- Directed by: W. P. Kellino
- Written by: Walter Scott (poem) Alicia Ramsey
- Starring: Owen Nares Gladys Jennings Dick Webb Cecil Morton York
- Cinematography: Basil Emmott
- Production company: Stoll Pictures
- Distributed by: Stoll Pictures
- Release date: October 1923;
- Running time: 5,500 feet
- Country: United Kingdom
- Languages: Silent English intertitles

= Young Lochinvar =

1923 film

Young Lochinvar is a 1923 British silent historical drama film directed by W. P. Kellino and starring Owen Nares, Gladys Jennings, and Dick Webb. The screenplay was based on J. E. Muddock’s 1896 novel Young Lochinvar, A Tale of the Border Country, which was based on Canto V, XII of the poem Marmion by Walter Scott.

==Plot==
In 15th century Scotland, a young knight, Lochinvar, was betrothed from birth to Cecilia, daughter of Johnstone of Lockwood. Helen is betrothed to Musgrave, a man she does not love. Lochinvar and Helen meet and fall in love, and Musgrave is wounded by Cecilia's brother Alick. Helen doesn't want to marry Musgrave, and as the date of her wedding draws near she sends a message to Lochinvar to help her.
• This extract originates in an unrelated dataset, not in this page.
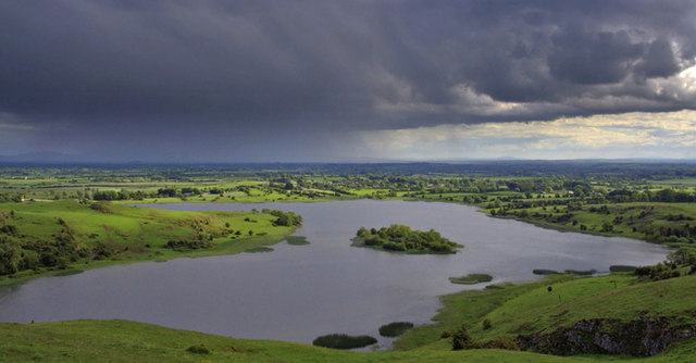 Geroid Island, Lough Gur According to legend, the goddess Aine, like the Breton Morgan, may sometimes be seen combing her hair, only half her body appearing above the lake. And in times of calmness and clear water, according to another legend, one may behold beneath Aine’s lake the lost enchanted castle of her son Geroid, close to Garrod Island—so named from Gerdid or ‘Gerald’.

Lochinvar arrives at Helen's wedding, asking for a dance. He sweeps her off her feet and onto his horse, and rides away with her. The couple are married at Lochinvar's home. Helen's family follows, and threaten violence, but Musgrave arrives, states that Lochinvar and Helen are in love, and he wishes them a happy life.

==Cast==
- Owen Nares as Lochinvar
- Gladys Jennings as Ellen Graeme
- Dick Webb as Musgrave
- Cecil Morton York as Johnstone
- Charles Barratt as Alick Johnstone
- Bertie Wright as Brookie
- Lionel Braham as Jamie the Ox
- Dorothy Harris as Cecilia Johnstone
- J. Nelson Ramsay as Graeme

==Bibliography==
- Low, Rachael. History of the British Film, 1918–1929. George Allen & Unwin, 1971.